10.2. Data and content the Customer enters into the Platform (including configuration, prompts, knowledge base documents and outputs) remain the property of the Customer. DOENio receives only a limited right of use to the extent necessary to deliver the service.
10.3. The Customer indemnifies DOENio against third-party claims relating to the content the Customer provides.
11. Personal data
11.1. To the extent that DOENio processes personal data on behalf of the Customer in the course of providing the service, DOENio acts as processor and the Customer as controller within the meaning of the GDPR.
11.2. The Data Processing Agreement applies to such processing. By accepting these terms, the Customer also accepts the Data Processing Agreement.
12. Confidentiality
12.1. Each party will treat confidentially all information it receives from the other party that is marked confidential or whose confidential nature is reasonably apparent.

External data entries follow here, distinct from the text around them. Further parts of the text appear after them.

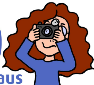
Foto-Wettbewerb Mein Rudolfsheim-Fünfhaus
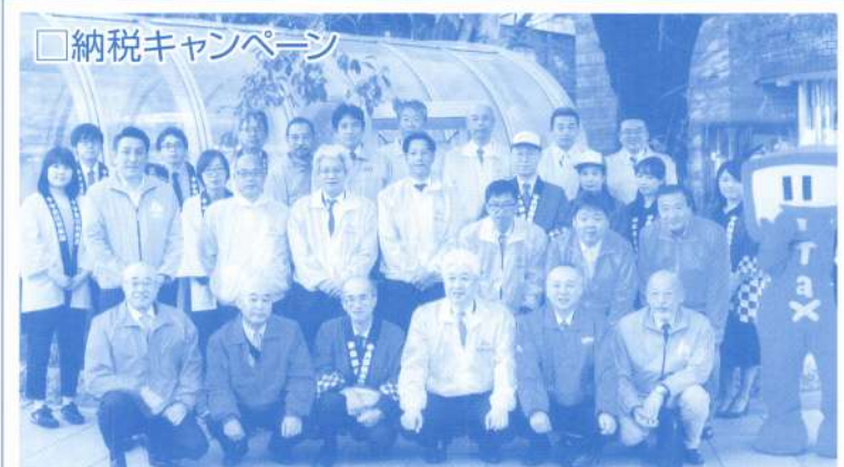
□納税キャンペーン

11月5日(月)に納税啓発塔「銀の門」を中心に納税キャンペーンを実施しました。 11月11日からの「税を考える週間」の周知のため、e-Taxのキャラクター「イータ君」も参加し、税の広報チラシを配りました。
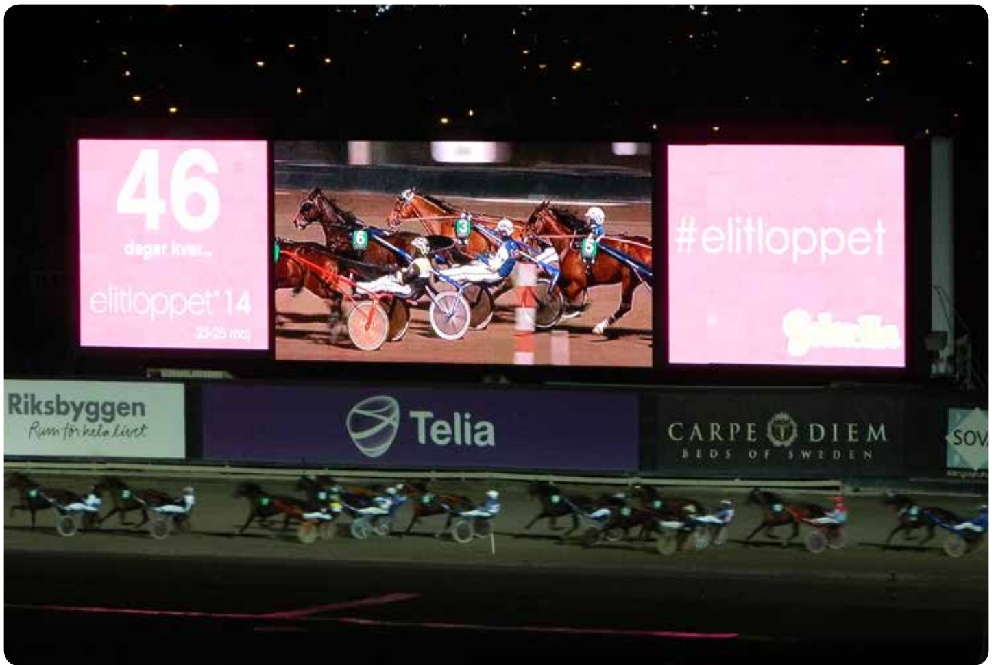
Den nya LED-skärmen kan användas till alla typer av evenemang
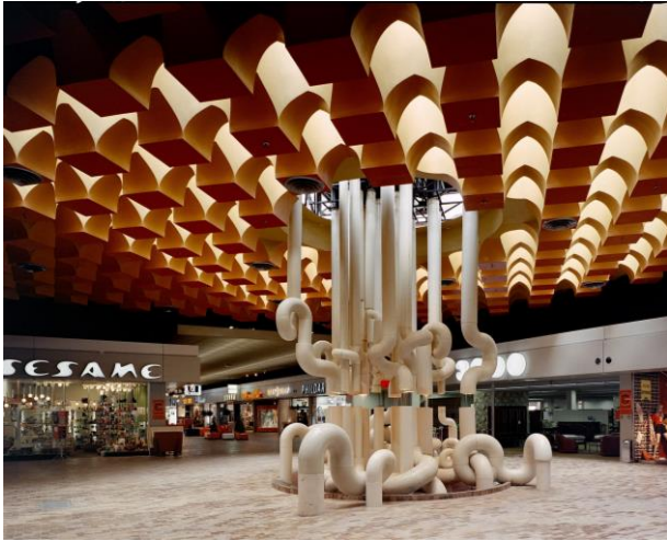
Inauguration du Centre commercial Alma, Rennes, 1971
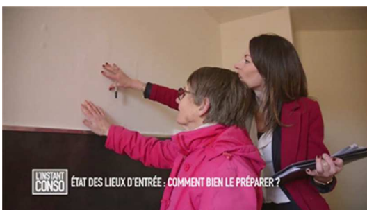
Etat des lieux d'entrée : comment bien le préparer ?
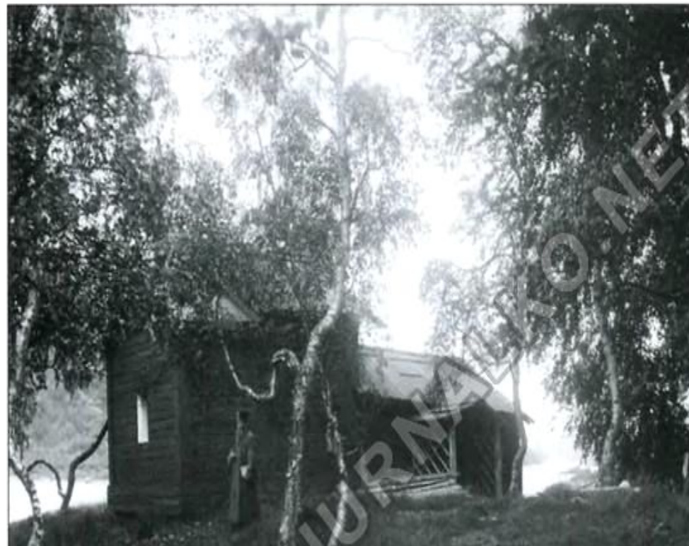
Часовня преподобного Антония Сийского на Емце.

В 1696 году крестьяне Шелековского прихода в память о святом поставили на месте церкви Антония часовню во имя Преподобного Антония Сийского.
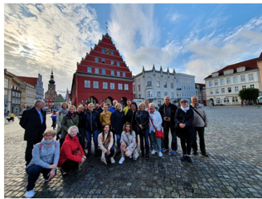
Interreg-Projekt mit Goleniów; diverse Treffen in Präsenz und digital: Zusammenarbeit Soziales, Kitas, Senioren
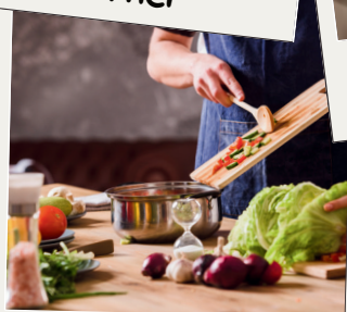
SHOW COOKING: LA PREPARAZIONE, LE RICETTE E I SEGRETI DELLA DIETA MEDITERRANEA
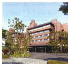
阿蘇市内牧1287 ☎ 0967-32-0711 http://www.asoplaza.co.jp

阿蘇乃やまぼうし 大自然に囲まれたゆつたりとしたロケーション。昔ながらの趣を大切にしたりは、どこか懐かしく、新鮮な空間。 みんなで囲んで食べる囲炉裏での田楽や赤牛ステーキは、大自然阿蘇の名物料理です。 遠方からお越しの方々に、他では味わえない空間と料理に大満足していただいております。

12.2. This obligation continues after termination of the Agreement.
13. Liability
13.1. DOENio is liable only for direct damage that is the immediate consequence of an attributable failure in the performance of the Agreement.
13.2. DOENio's total liability is limited to the amount the Customer has paid to DOENio in the twelve (12) months preceding the event causing the damage, with a maximum of EUR 10,000 per event and EUR 25,000 per calendar year.
13.3. Liability for indirect damage, including consequential damage, lost profits, missed savings, loss of data and business interruption, is excluded.
13.4. The limitations in this article do not apply in the case of intent or wilful recklessness on the part of DOENio or its management, or to the extent that limitation would conflict with mandatory law.
14. Force majeure
14.1. Neither party is required to perform an obligation if it is prevented from doing so by force majeure. Force majeure includes: internet or telecommunication disruptions, power outages, cyberattacks, government measures, pandemics, and the failure of suppliers or sub-processors on whom DOENio depends.
14.2. If the force majeure situation lasts more than sixty (60) days, either party may terminate the Agreement in writing.
15. Changes to the terms
15.1. DOENio may amend these terms. Material changes will be announced at least thirty (30) days before they take effect, via the Platform or by email.
15.2. If the Customer does not accept a material change, the Customer may terminate the Subscription as of the effective date of the change.
16. Miscellaneous
16.1. The Customer may not transfer its rights and obligations under the Agreement to third parties without DOENio's prior written consent.
16.2. Amendments or additions to the Agreement are valid only if agreed in writing.
16.3. Failure by DOENio to exercise a right does not constitute a waiver of that right.
17. Governing law and disputes
17.1. The Agreement is governed exclusively by Dutch law.
17.2. All disputes are submitted to the competent court in Rotterdam, the Netherlands, unless mandatory law designates another court.